*Input material*.
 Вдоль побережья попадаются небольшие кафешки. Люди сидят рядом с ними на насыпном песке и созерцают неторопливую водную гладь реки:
--
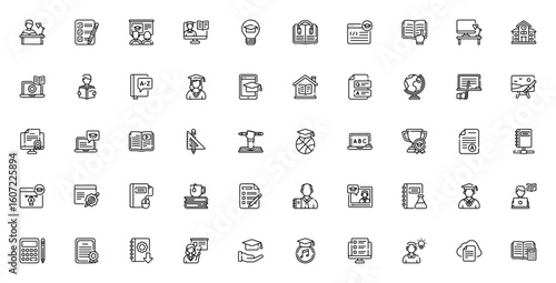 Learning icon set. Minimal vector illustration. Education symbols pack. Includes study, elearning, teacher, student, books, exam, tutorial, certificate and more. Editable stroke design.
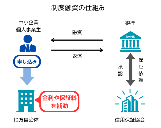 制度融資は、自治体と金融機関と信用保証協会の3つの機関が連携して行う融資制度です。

*What you are asked to do*. Nothing but the lines above from the one that has "Learning icon set." down to the one that has "制度融資は、自治体と金融機関" belongs in the answer, copied exactly, without pictures.

*Result for this exercise*.
 Learning icon set. Minimal vector illustration. Education symbols pack. Includes study, elearning, teacher, student, books, exam, tutorial, certificate and more. Editable stroke design.
 制度融資は、自治体と金融機関と信用保証協会の3つの機関が連携して行う融資制度です。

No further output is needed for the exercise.